*** Exercise data ***

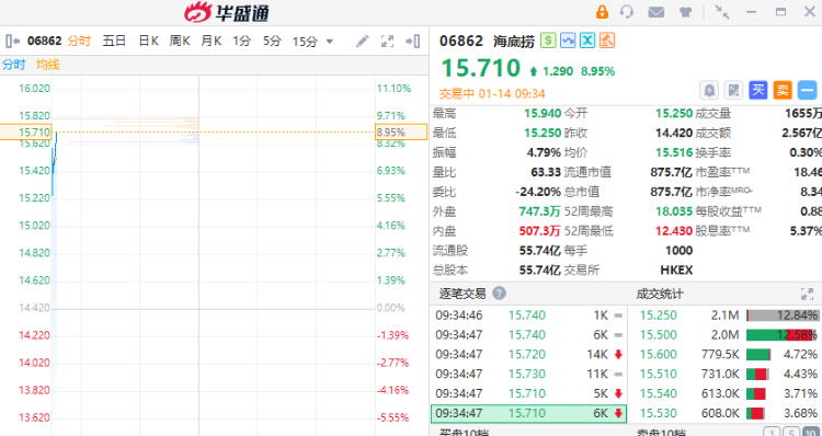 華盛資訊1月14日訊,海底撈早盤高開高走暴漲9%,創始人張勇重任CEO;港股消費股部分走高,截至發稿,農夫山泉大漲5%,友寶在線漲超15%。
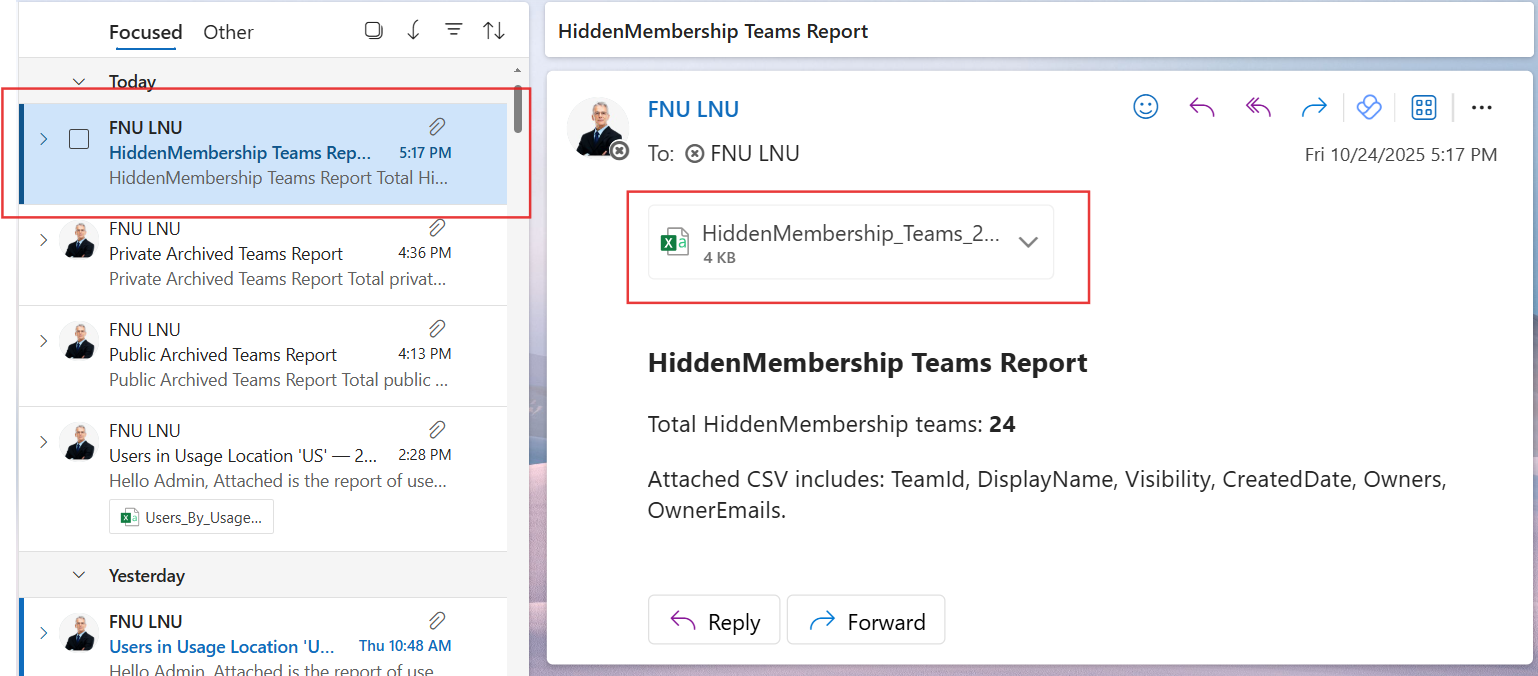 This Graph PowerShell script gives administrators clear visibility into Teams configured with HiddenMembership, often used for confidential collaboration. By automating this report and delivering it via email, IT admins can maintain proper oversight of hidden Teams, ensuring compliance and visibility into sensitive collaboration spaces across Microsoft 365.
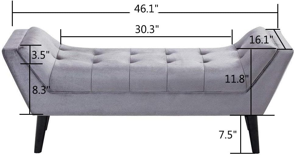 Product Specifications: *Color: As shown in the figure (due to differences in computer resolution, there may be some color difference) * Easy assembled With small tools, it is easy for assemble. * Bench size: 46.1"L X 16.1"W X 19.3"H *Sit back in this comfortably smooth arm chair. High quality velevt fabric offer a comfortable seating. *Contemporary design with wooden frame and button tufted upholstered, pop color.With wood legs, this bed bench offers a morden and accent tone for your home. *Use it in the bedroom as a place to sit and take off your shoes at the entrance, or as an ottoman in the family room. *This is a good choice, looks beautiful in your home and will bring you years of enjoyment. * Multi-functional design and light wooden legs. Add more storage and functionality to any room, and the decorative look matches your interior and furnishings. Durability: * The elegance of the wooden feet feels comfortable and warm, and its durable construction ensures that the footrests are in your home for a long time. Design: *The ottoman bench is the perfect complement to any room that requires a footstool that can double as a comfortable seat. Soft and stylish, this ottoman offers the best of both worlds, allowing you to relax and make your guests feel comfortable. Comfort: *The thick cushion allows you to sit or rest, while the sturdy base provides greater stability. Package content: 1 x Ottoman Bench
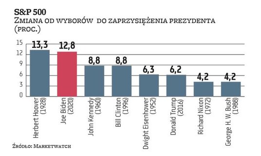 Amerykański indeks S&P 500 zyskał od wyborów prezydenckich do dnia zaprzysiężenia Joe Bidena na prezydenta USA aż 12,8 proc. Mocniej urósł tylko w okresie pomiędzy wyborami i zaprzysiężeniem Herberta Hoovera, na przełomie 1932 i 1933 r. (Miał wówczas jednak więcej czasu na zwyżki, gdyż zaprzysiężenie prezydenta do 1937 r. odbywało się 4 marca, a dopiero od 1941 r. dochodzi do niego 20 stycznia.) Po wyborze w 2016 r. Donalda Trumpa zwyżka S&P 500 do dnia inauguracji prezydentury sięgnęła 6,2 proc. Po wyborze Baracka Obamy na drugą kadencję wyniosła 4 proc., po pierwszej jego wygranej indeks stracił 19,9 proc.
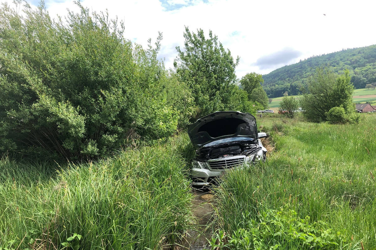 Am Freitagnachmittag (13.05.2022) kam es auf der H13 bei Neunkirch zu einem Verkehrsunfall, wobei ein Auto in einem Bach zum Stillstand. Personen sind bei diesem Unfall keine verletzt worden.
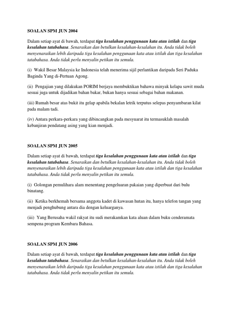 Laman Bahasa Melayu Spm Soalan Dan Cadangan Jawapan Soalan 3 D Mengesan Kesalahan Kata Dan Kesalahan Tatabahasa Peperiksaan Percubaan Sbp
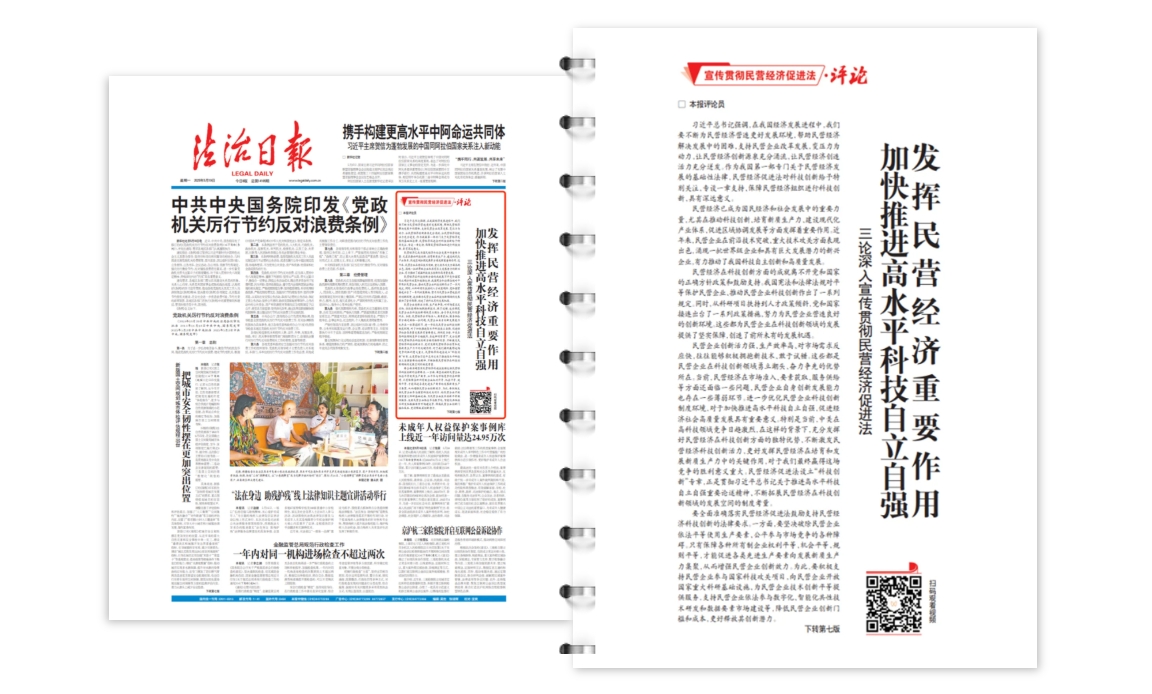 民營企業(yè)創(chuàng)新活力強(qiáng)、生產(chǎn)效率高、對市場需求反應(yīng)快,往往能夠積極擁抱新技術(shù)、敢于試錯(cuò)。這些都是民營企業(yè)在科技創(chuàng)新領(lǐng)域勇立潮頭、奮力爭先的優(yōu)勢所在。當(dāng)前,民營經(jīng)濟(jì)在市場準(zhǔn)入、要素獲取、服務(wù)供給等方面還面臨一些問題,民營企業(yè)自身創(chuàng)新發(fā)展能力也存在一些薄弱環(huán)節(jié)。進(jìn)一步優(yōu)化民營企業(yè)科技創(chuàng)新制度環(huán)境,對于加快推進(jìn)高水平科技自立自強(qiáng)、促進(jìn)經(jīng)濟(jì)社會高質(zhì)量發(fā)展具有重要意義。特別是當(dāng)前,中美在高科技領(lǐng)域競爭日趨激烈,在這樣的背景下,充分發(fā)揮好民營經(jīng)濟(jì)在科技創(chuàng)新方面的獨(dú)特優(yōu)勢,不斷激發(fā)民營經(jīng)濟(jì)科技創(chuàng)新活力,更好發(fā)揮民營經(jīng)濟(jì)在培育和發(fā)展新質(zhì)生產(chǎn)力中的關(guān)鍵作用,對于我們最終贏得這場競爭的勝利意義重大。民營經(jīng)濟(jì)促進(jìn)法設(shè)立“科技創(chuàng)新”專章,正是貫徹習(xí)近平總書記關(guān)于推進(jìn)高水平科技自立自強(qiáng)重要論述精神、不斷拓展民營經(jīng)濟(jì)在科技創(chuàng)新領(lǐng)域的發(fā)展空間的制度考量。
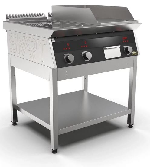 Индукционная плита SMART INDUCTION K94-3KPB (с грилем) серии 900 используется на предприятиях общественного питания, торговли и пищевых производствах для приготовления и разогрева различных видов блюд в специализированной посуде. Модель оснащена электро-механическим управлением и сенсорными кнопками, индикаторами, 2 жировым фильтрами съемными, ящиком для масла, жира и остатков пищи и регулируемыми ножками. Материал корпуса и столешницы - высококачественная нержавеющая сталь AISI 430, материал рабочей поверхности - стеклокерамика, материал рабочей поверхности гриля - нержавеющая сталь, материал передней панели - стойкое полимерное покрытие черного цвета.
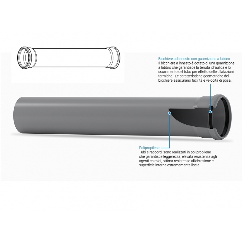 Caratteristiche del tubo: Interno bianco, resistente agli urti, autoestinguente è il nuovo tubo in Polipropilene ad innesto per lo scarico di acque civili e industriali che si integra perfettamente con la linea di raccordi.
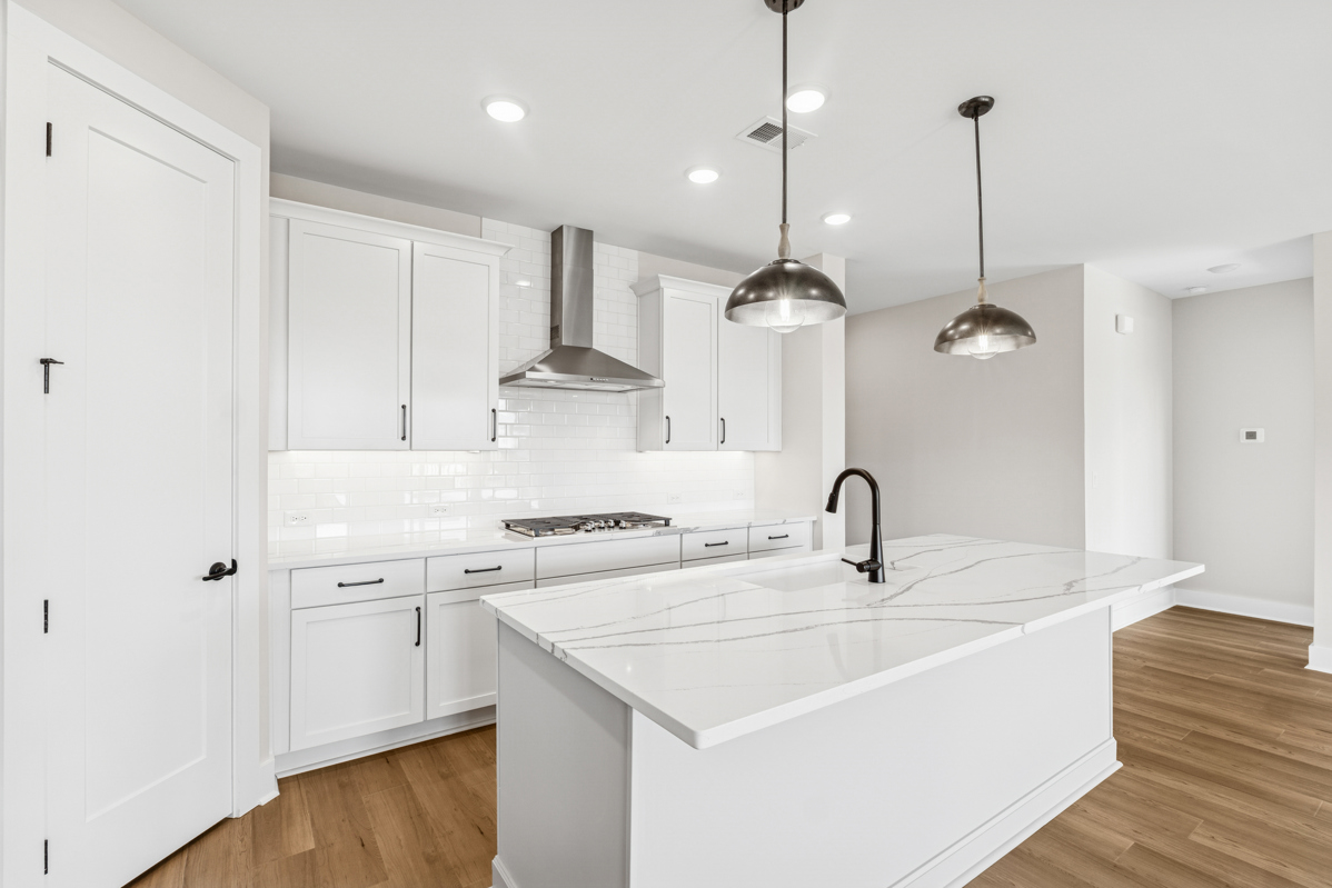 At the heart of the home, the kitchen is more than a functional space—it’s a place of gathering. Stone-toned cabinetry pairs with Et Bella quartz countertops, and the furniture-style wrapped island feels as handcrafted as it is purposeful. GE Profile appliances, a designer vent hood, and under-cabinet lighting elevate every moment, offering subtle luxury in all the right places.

***

### What you need to do
Beginning with the first entry above, reproduce every line verbatim until the line with "This Graph PowerShell", which is included too; omit pictures.

### Exercise response
 華盛資訊1月14日訊,海底撈早盤高開高走暴漲9%,創始人張勇重任CEO;港股消費股部分走高,截至發稿,農夫山泉大漲5%,友寶在線漲超15%。
 This Graph PowerShell script gives administrators clear visibility into Teams configured with HiddenMembership, often used for confidential collaboration. By automating this report and delivering it via email, IT admins can maintain proper oversight of hidden Teams, ensuring compliance and visibility into sensitive collaboration spaces across Microsoft 365.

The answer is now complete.